**AVAILABLE DATA**
◆ ◆ ◆ ◆ ◆

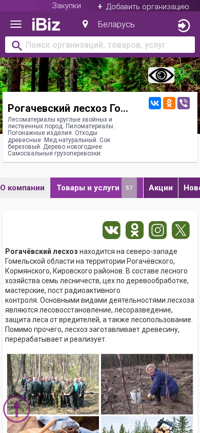 | Название / Заголовок | Рогачевский лесхоз Государственное лесохозяйственное учреждение - Лесоматериалы круглые хвойных и лиственных пород. Пиломатериалы. Погонажные изделия. Отходы древесные. Мед натуральный. Сок березовый. Дерево новогоднее. Самосвальные грузоперевозки.. 247673, Рогачев, , Октябрьская, 21 |
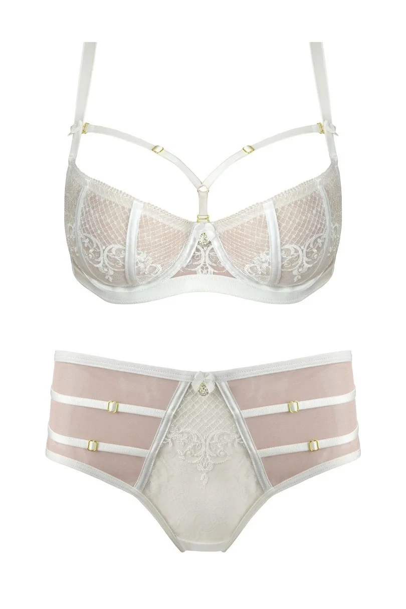 Střed z plisované látky zakončené výšivkou, boky z béžové síťoviny, kterou zdobí dva pruhy v krémové barvě. zadní díl z béžové síťoviny, spodní díl z podmořského krémového tylu, bavlněný klínek.
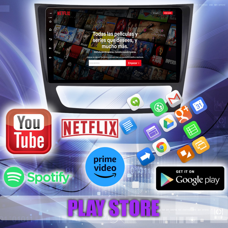 Google Play Store, YouTube, Netflix, Prime Video, TomTom, Spotify, YT Music, Google Maps, Facebook, entre muchas más.

◆ ◆ ◆ ◆ ◆

Output an exact copy of the material, with the pictures removed.

 | Название / Заголовок | Рогачевский лесхоз Государственное лесохозяйственное учреждение - Лесоматериалы круглые хвойных и лиственных пород. Пиломатериалы. Погонажные изделия. Отходы древесные. Мед натуральный. Сок березовый. Дерево новогоднее. Самосвальные грузоперевозки.. 247673, Рогачев, , Октябрьская, 21 |
 Střed z plisované látky zakončené výšivkou, boky z béžové síťoviny, kterou zdobí dva pruhy v krémové barvě. zadní díl z béžové síťoviny, spodní díl z podmořského krémového tylu, bavlněný klínek.
 Google Play Store, YouTube, Netflix, Prime Video, TomTom, Spotify, YT Music, Google Maps, Facebook, entre muchas más.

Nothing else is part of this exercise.